I decided that, the furthest I could go
towards self sufficiency was to try and find some free food when I went on my
daily walk.
In the autumn of 2011, I decided to try and
embrace a little of the free food life and ventured into foraging with some
mixed results. My triumphs included one
harvest of chanterelle mushrooms from a place I found late in the season and
the discovery of some damson trees that netted a bumper crop that I turned into
delicious jam. My foray into rosehips
ended in disaster with my nighttime harvest turning out to be rotten, and a
plum jam batch that didn’t have enough pectin and failed to set properly. With this varied success, it is clear that I’m
not overly skilled in the art of foraging and cooking, so it makes the
challenge I have decided to set myself, all the more difficult…
A few days ago I went to a supermarket to
buy a selection of things for Christmas.
Nothing fancy as I was not hosting a Christmas dinner, it was simply
things like pickled onions, ingredients for a River Cottage Beetroot Tarte
Tatin, lemonade… the usual paraphernalia that you get into the house for Christmas
and rarely eat the rest of the year. The
bill came to £45 and that was simply for things that are accompaniments to the
main Christmas dinner. I realised, I’d
just wasted the best part of fifty quid.
I then read that the British public spend,
on average, one hundred and forty five pounds on Christmas dinner alone, and we
waste one fifth of that. We also spend,
on average, over £500 on presents every year, resulting in a average bill for
Christmas of nearly £650 per family. I
have decided that, for Christmas 2012, I will attempt to make a full Christmas
feast for 12 people, for the value of the food thrown in the bin – thirty
pounds – and provide presents for twenty pounds.

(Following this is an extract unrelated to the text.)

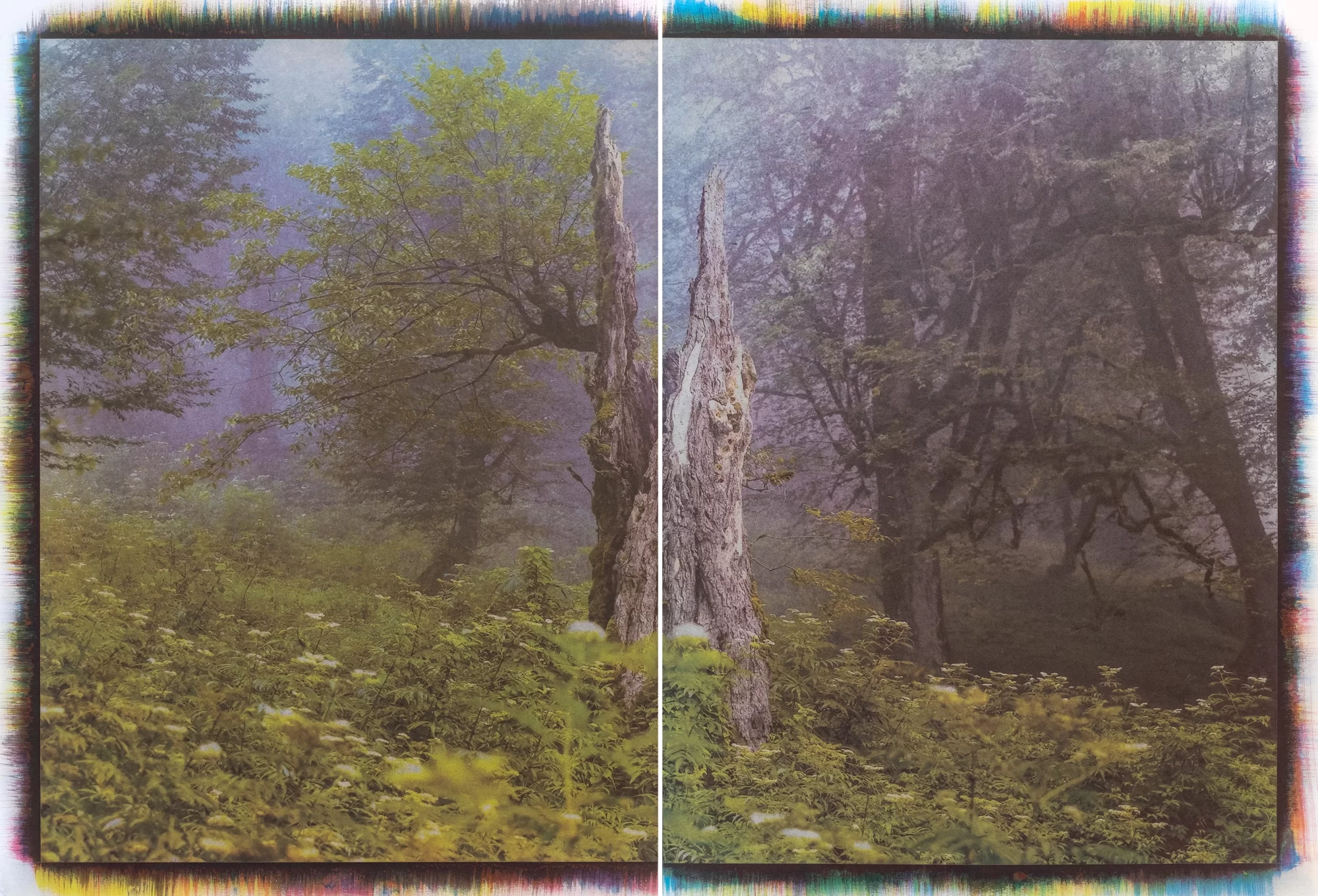 رزاقمنش در مرز میان عکاسی و نقاشی ایستاده و با تمرکز بر طبیعت، مرزهای این دو رسانه را به چالش میکشد. او از خلال بازآفرینی نقاشانهی مناظر از طریق عکاسی، به دنبال احیای جهانی خیالی است. هدف او صرفا ثبت طبیعت نیست، بلکه او در جستوجوی تفسیری بصریست که تصویر را به سوی خیالپردازی سوق دهد. رزاقمنش برای دستیابی به چشمانداز دقیق خود در هر اثر، از مجموعهای از روشهای چاپ و تکنیکهای عکاسی بهره میگیرد. این رویکرد تجربی با مواد و فرایندها، امکان دستیابی به بافت و جلوههای ظریفتری را فراهم میکند که عمق مفهومی آثار او را افزایش میدهد.

This will mean I have to hunt, find, grow
(where? I still haven’t a clue), barter or make everything in a traditional
Christmas Dinner and provide a
present for each guest for a tenth of what the average family spends every
Christmas.
This blog is my journey,
through embryonic stages of research, attempting test recipes, learning new crafts and skills, meeting experts who can help me and, hopefully, to the end result – a stressful Christmas Day
2012 making the Christmas dinner that cost me nothing. I hope you can join me on this journey.